I'm a Blackberry fan. I would go with a Blackberry Classic at the moment. I will be looking at Samsung models soon, but not to use as a phone, but as a Kindle replacement.

For those wondering what this has to do with prepping, you may recall that I also carry a small AM/FM due to the cell system immediately failing on both of my "escape from NY" experiences. However, Blackberry's worked on 9/11 and cell systems stayed up for a day after Hurricane Sandy. A Kindle will hold a library of 1500 books as long as it doesn't get toasted by an EMP. I'm not sure how much I can fit on an Android phone but I suspect it is comparable to the Kindle.


----------



## Slippy (Nov 14, 2013)

djtext said:


> Which phone will you upgrade to? Galaxy S6, Note 4, G4 or iPhone 6?


First post and you ask this stupid question? You will perish quickly and that makes me smile.


----------



## Piratesailor (Nov 9, 2012)

I have the S4 so no upgrade anytime soon. And if it were, I'd always get a phone where I could removed the battery and comnpletely disable the phone.


----------



## Pir8fan (Nov 16, 2012)

Why upgrade when the one I have does what I need?


----------



## dwight55 (Nov 9, 2012)

bigwheel said:


> I have a five and the Warden has a six.


When my flip phone would not hold a charge more than 5 hours and/or 4 calls, . . . I moved up to a 5, . . . it was $99 or so, . . . the 6 was $399 or so.

Did the same for the warden in our house.

I wish the battery were replaceable, . . . but it is what it is, . . . I'm communicating / texting / taking pictures / and it meets my needs.

May God bless,
Dwight


----------



## Moonshinedave (Mar 28, 2013)

This was my last upgrade, perhaps I should consider another?
View attachment 10531

to
View attachment 10532


----------



## Arklatex (May 24, 2014)

HuntingHawk said:


> For a cell phone to work at my house, I have to have am amplifier & external antenna.

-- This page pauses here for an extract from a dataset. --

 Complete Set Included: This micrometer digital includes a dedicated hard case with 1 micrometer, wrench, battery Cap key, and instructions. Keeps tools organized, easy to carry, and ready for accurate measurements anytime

That means I have the last flip phone with external antenna jack that AT&T sold. Its 3G & if they ever upgrade the tower that it no longer works I'm not sure what I will do.

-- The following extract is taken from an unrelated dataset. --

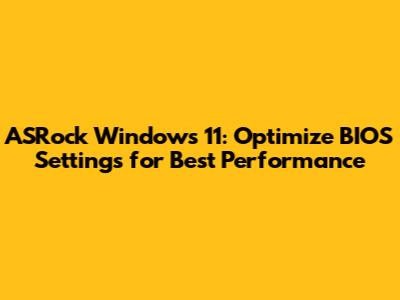 ASRock Windows 11: Optimize BIOS Settings For Best Performance

HH you can modify the antenna on most Android phones to get better reception and even take external antennas. Samsung is especially easy to work on.


----------



## Kauboy (May 12, 2014)

Won't be switching to any of those.
I have an allergic reaction to Apple products and the Samsung options are no longer watertight.
I'll stick with my S4 Active for now, and *might* upgrade to the still watertight S5/S5 Active at some point.


----------



## turbo6 (Jun 27, 2014)

I've had a Samsung galaxy for over 5 years now, so when the time comes it will probably be another galaxy.


----------



## chemikle (Feb 16, 2015)

I have a blackberry and a vertu signatureprobably when i will have money will upgrade to new blackberry and new vertu)


----------



## Denton (Sep 18, 2012)




----------



## chemikle (Feb 16, 2015)

Denton
i have that too))) from 97or99))


----------



## Big Country1 (Feb 10, 2014)

I keep a prepaid flip phone. Its for emergencies only. I have a house phone. If im not home, then I must be busy, leave me a message or try later.


----------



## Salt-N-Pepper (Aug 18, 2014)

Let me tell you a story:

I have an iPhone 6 Plus in a "Unicorn Beetle" protective case.

The other day I went out to the retreat location to do a bit of work and to goof off on our land a bit, when I stopped in town to buy some groceries I noticed I didn't have my phone. Hmm, thought I, I must have left it at home. No worries, Spice was with me and she had her phone. SO we went about our business, and drove home. I got home, and searched for the phone, couldn't find it. Spice called it, and I couldn't hear it ring. 

Finally, I got on the computer and ran the "Where Is My iPhone" app. 

"What on earth," I said out loud, "is my phone doing there?"

The location showed was beside the highway about 12 miles from my house.

I told Spice what was up, we grabbed a couple of flashlights (it was right at sundown) and headed off to find what I was sure to be a smashed smart phone. By then I had figured out I had set it on the roof of my car as I was loading tools into the back, and must have forgotten it.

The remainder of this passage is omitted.